After the trial attracted attention, Guinea-Bissau sought review from the Africa Centres for Disease Control and Prevention. The country’s new government, installed after a November military coup, said its health ministry had not been involved in discussions about the study. The new health minister confirmed the government had not approved the trial.
The controversy echoes painful episodes in medical research history where vulnerable populations were exposed to harmful or unproven interventions without proper consent or oversight. Critics pointed to past cases — the 1996 Trovan antibiotic trial in Nigeria that caused severe harm to children, and the Tuskegee syphilis study in the United States, in which Black men were observed without treatment for decades — as reasons for heightened caution and community mistrust.

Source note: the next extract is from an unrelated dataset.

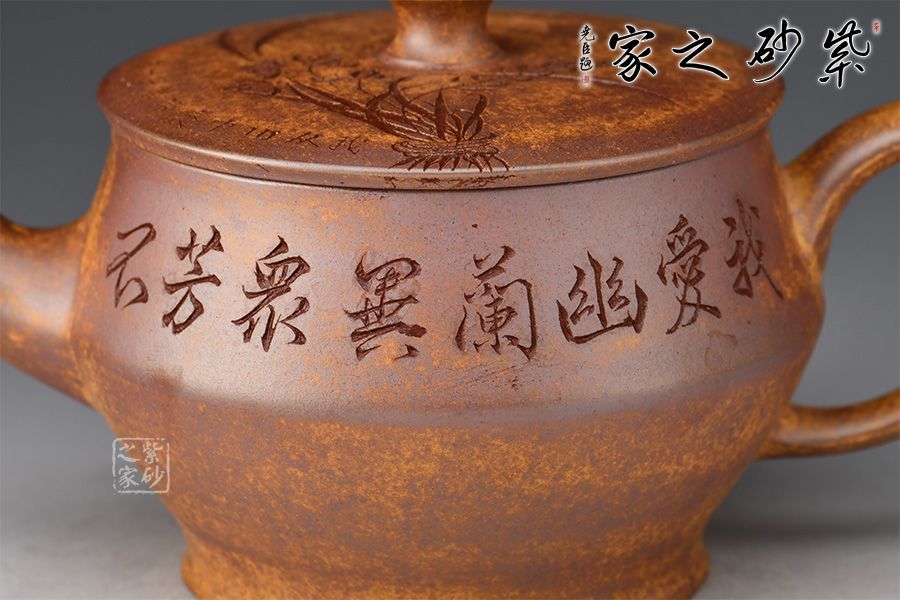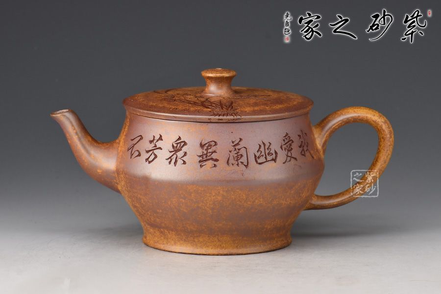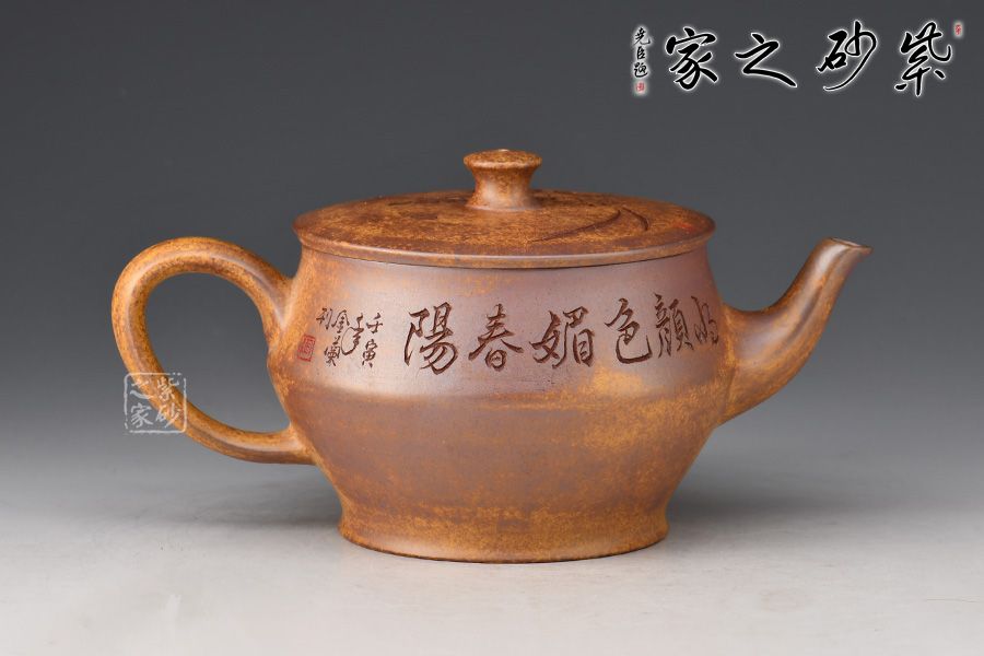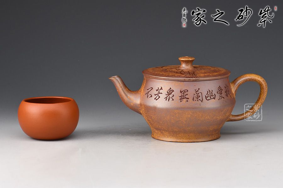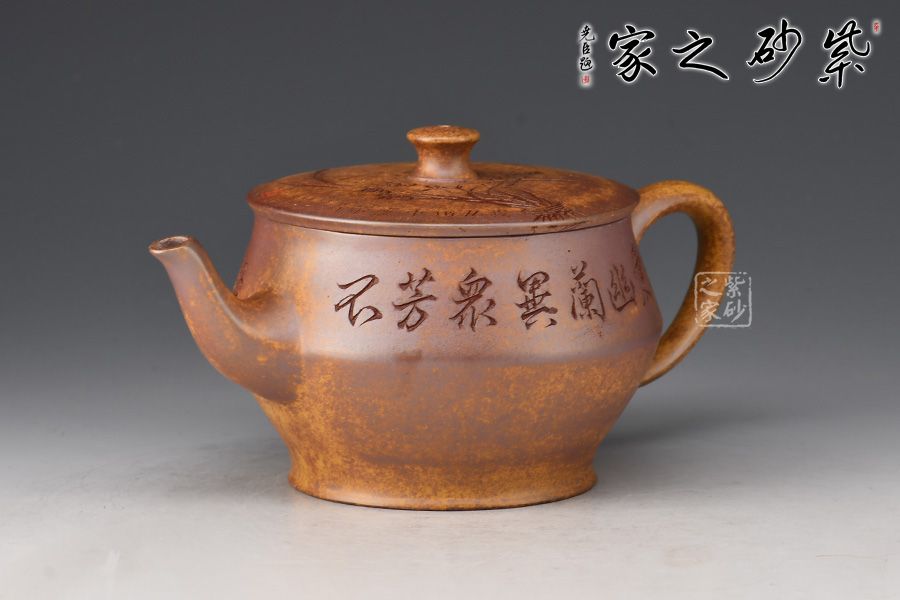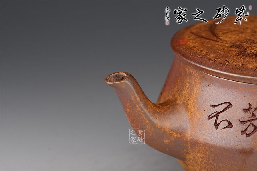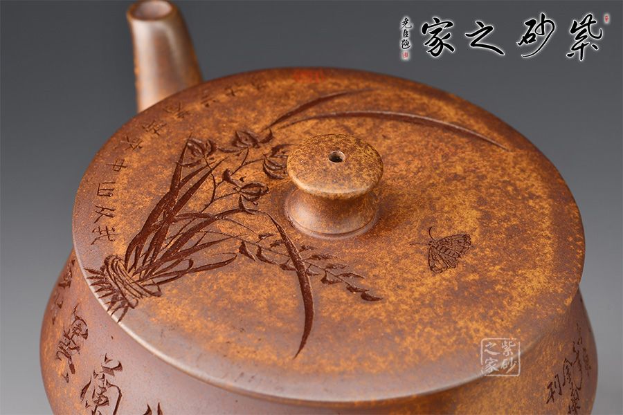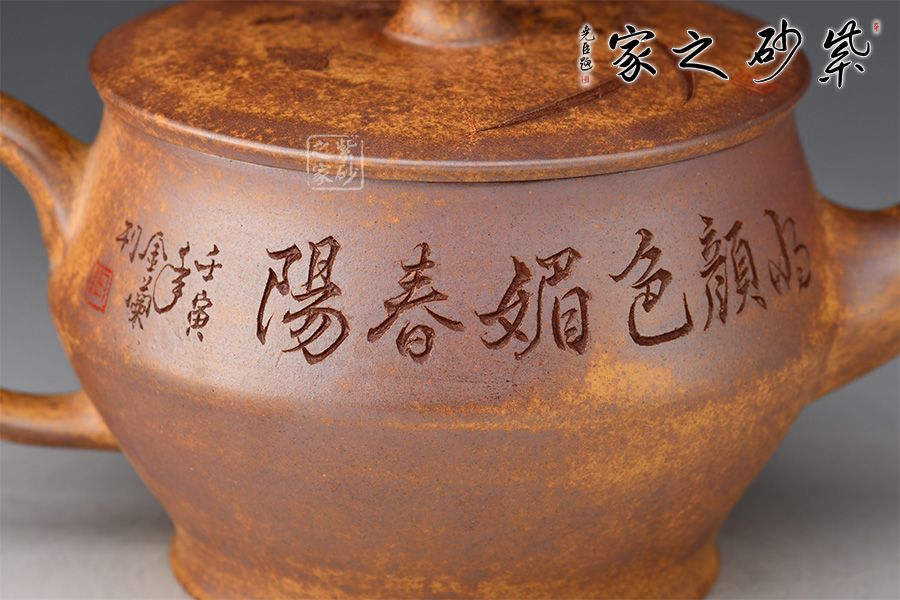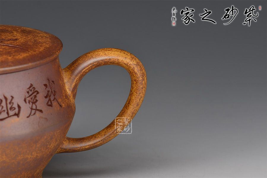 此壺虎皮金砂為胎,老味十足,全手工精制而成。壺身圈線裝飾,彰顯層次之感。自然流暢的線條,構(gòu)筑壺肩之優(yōu)雅弧度,壓蓋嚴(yán)絲合縫,圓柱鈕拿捏舒適。短彎流挺翹,出水爽利,耳把上豐下斂,氣勢(shì)雄渾。整器工藝精巧,氣韻生動(dòng),300cc容量適中,實(shí)用性佳,是一把高性價(jià)比的佳作,用藏皆宜。

In Guinea-Bissau, where roughly one in five people is estimated to carry HBV, public health experts and former officials argued the priority should be securing adequate vaccine supply so all infants can receive the birth dose now, rather than using newborns as subjects for a trial. Robalo said the Bandim researchers, who have worked in the country for decades, should have engaged national institutions and helped build local research capacity, particularly after political upheaval. “We are not a population to be used for anything that you cannot do in the Global North. We demand respect,” she said.
Bandim researchers defended the study, saying they would not withhold vaccines from children who otherwise would have received them and that the trial would expand access for some infants. They criticized critics for moral outrage and urged a “curious and humble” scientific approach. The debate highlights tensions over research ethics, global health power dynamics, scientific uncertainty about non-specific vaccine effects, and how international funders and local authorities should navigate trials involving vulnerable populations.